WHAT YOU SHOULD DO — Word for word, return the lines below from the first through the line that has "Depuis Restô, il", dropping the pictures.
[[ MATERIAL TO PROCESS open ]]
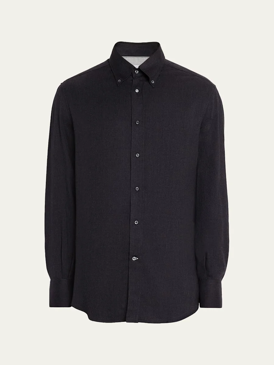 Brunello Cucinelli sport shirt in a comfortable chevron woven cotton blend Genuine motherofpearl buttons Buttondown collar Button placket Long sleeves Doublebutton cuffs Pleated back yoke Curved hem Cotton/lyocell Lining: Cotton Dry clean, machine wash line dry Made in Italy
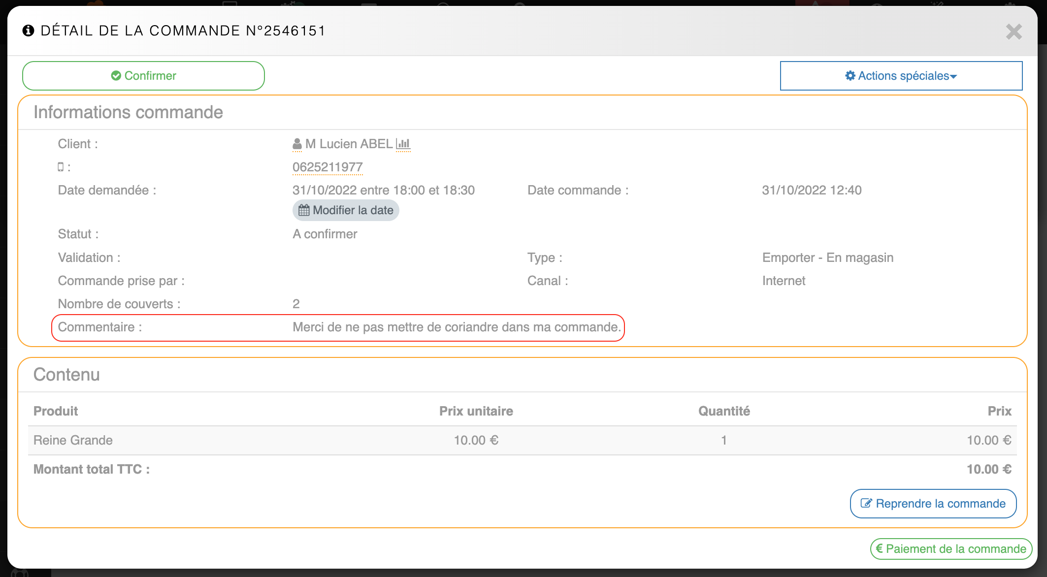 Depuis Restô, il est possible de laisser un commentaire sur une commande :
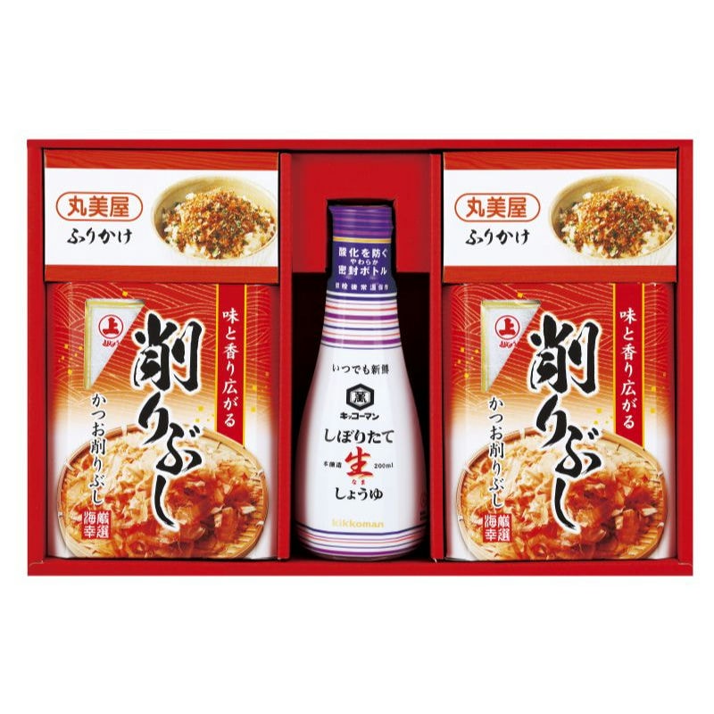 【商品内容】キッコーマンしぼりたて生しょうゆ200ml・丸美屋ふりかけ5種(さけ風味・しそ風味・かつお風味・たまご・たらこ風味)×2・かつお削り節(3g×4袋)×2
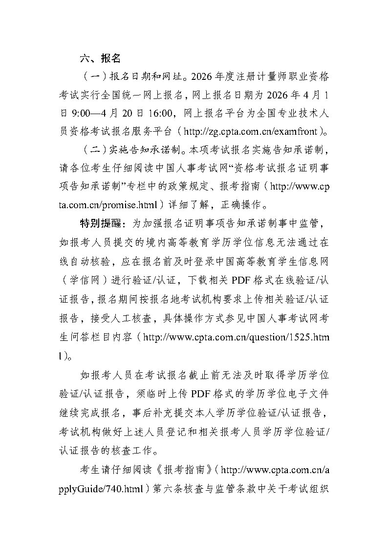 关于2026年度注册计量师职业资格考试考务工作有关事项的通知
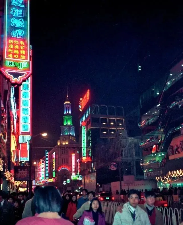 图里那个发绿光的尖塔好醒目,前景霓虹围出一道门,商厦的外廊上人影移动,街心护栏把流动的人潮分成两股,哥哥说那会儿约朋友就说“南京东路门口见”,不用定位,靠的就是眼熟。
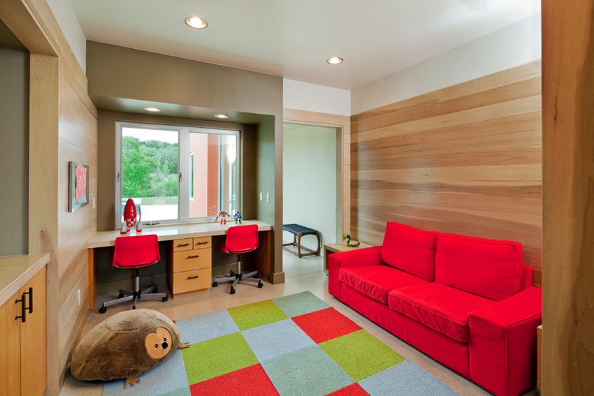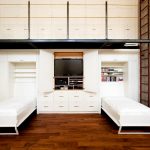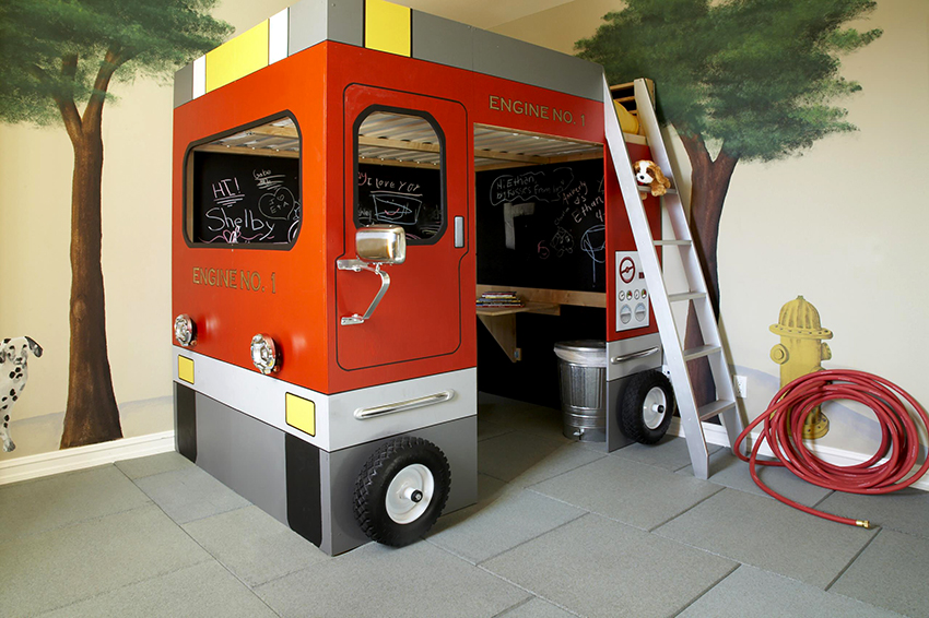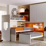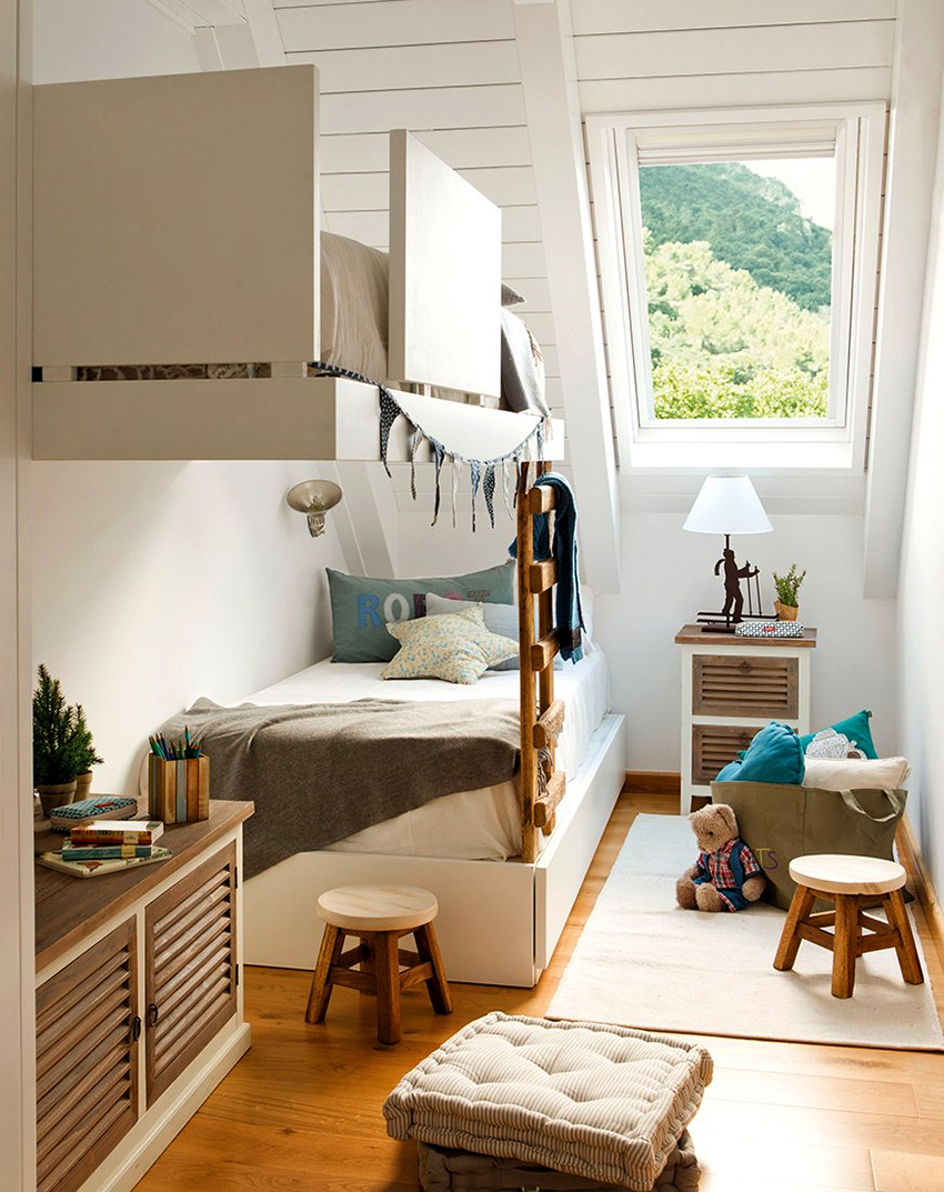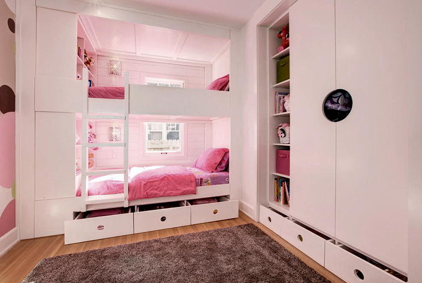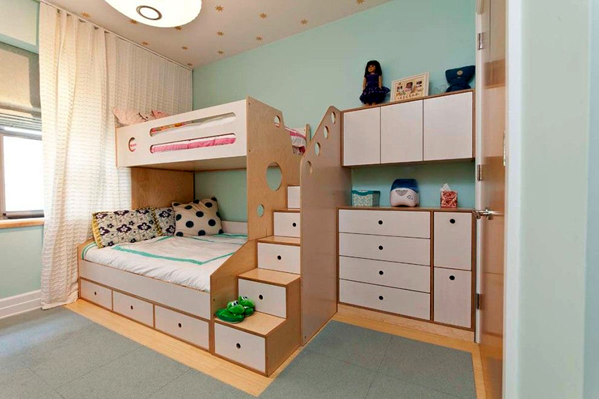 Prostor pod postelí je uspořádán jinak. Pro každé dítě mohou existovat samostatné prostory, s přihlédnutím k jeho věku, nebo je prostor rozdělen na společné pracoviště, prostor pro hry a úložný systém, který je jasně znázorněn na fotografii dětského koutku s postelemi.
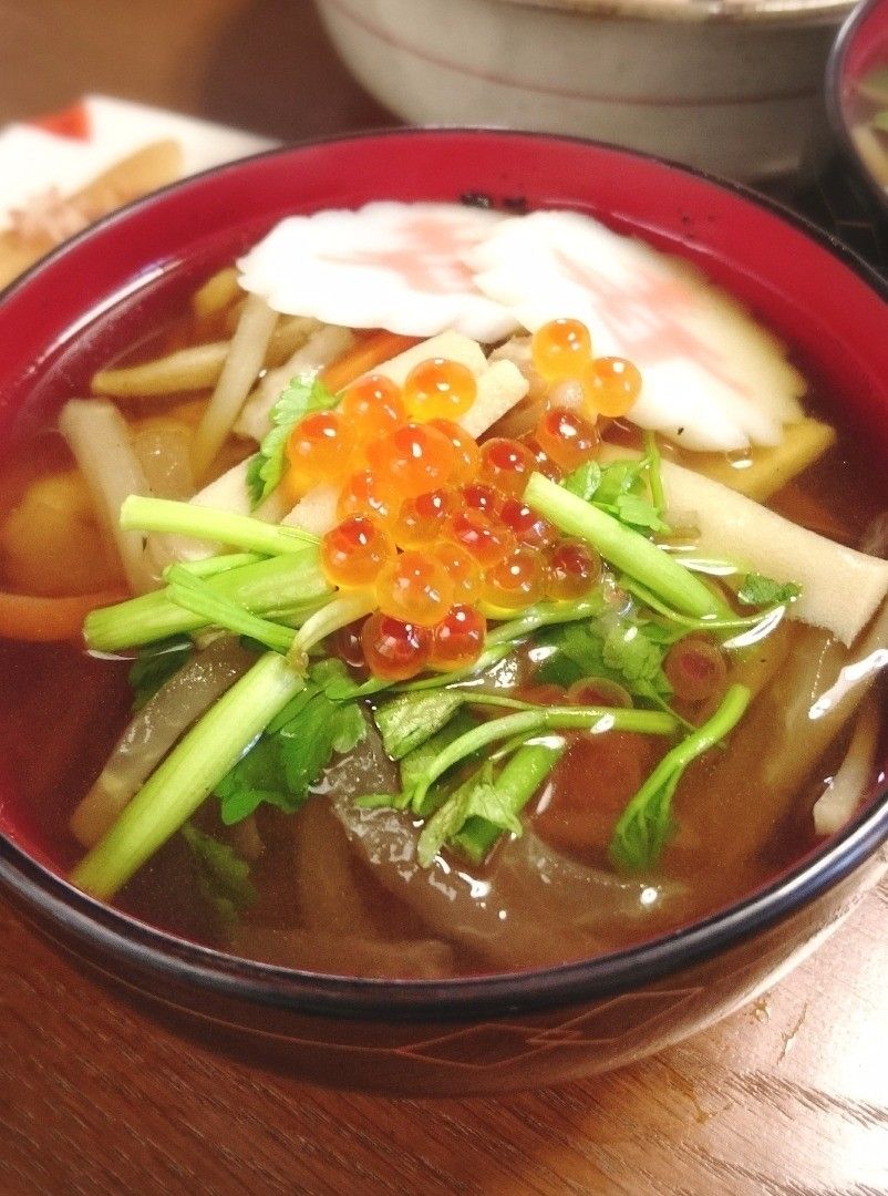 仙台のお雑煮は豪華にイクラをオン!
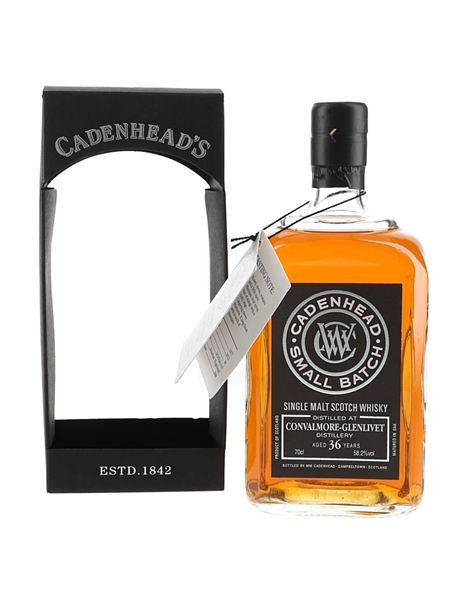A bottle of Convalmore 36 Year Old Speyside Single Malt Scotch Whisky. This was distilled in 1977, aged in a hogshead cask, and bottled at cask strength of 58.2% ABV in 2013 by Cadenhead's for their Small Batch range.
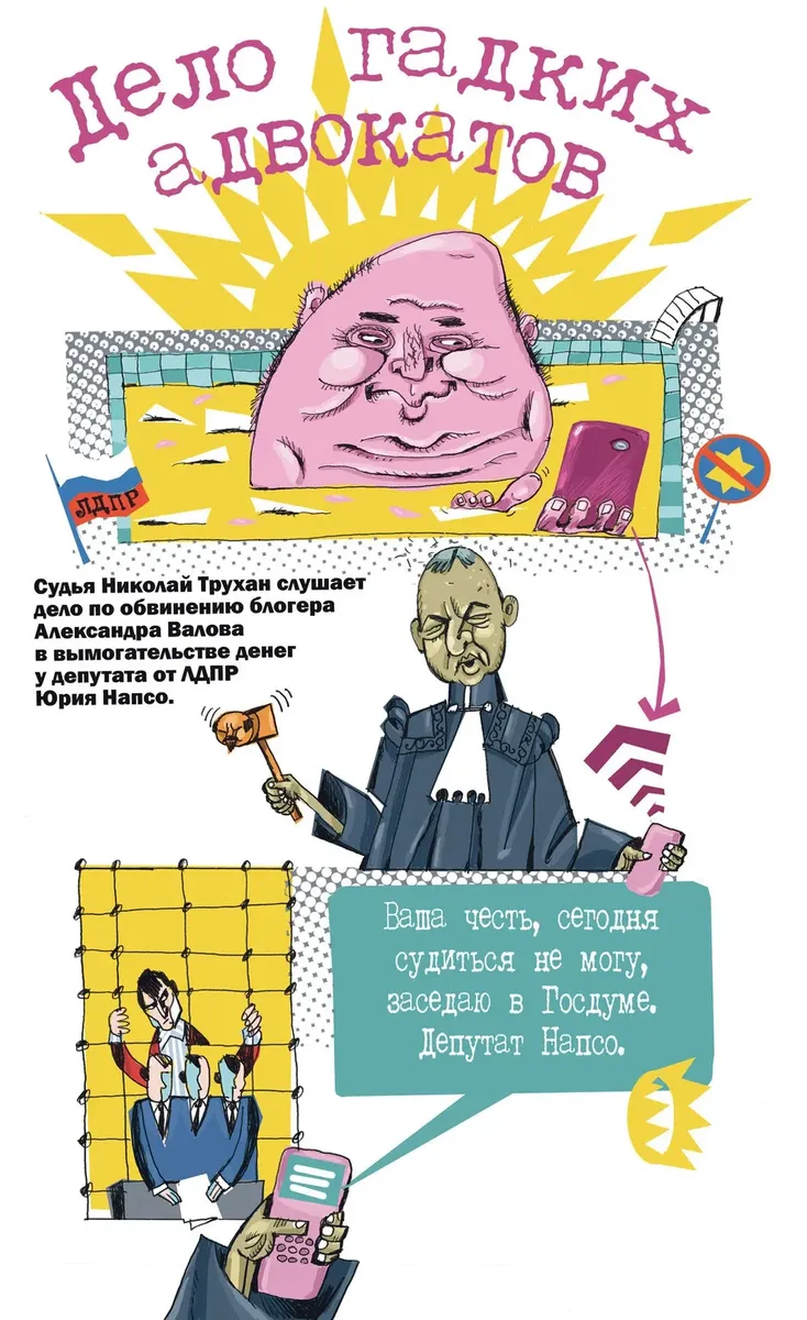 В декабре 2018 года Лазаревский районный суд Сочи приговорил блогера Александра Валова к 6 годам колонии. Валова признали виновным в вымогательстве денег у депутата Госдумы от ЛДПР Юрия Напсо. Дело завели вскоре после того, как Валов написал, что у Напсо есть собственный бассейн на территории общественного пляжа. Блогер считает дело заказным. Документальных подтверждений вымогательства потерпевший депутат следствию не предоставил. Но судью Николая Трухана это не смутило. В ходе процесса его больше интересовало, зачем подсудимый и его адвокаты задают так много вопросов потерпевшему и не является ли подсудимый евреем по национальности. «Вы еврей или кто?» — так и спрашивал судья и удалял адвокатов из процесса за возражения…
[[ MATERIAL TO PROCESS closed ]]
WRITTEN RESPONSE —
 Brunello Cucinelli sport shirt in a comfortable chevron woven cotton blend Genuine motherofpearl buttons Buttondown collar Button placket Long sleeves Doublebutton cuffs Pleated back yoke Curved hem Cotton/lyocell Lining: Cotton Dry clean, machine wash line dry Made in Italy
 Depuis Restô, il est possible de laisser un commentaire sur une commande :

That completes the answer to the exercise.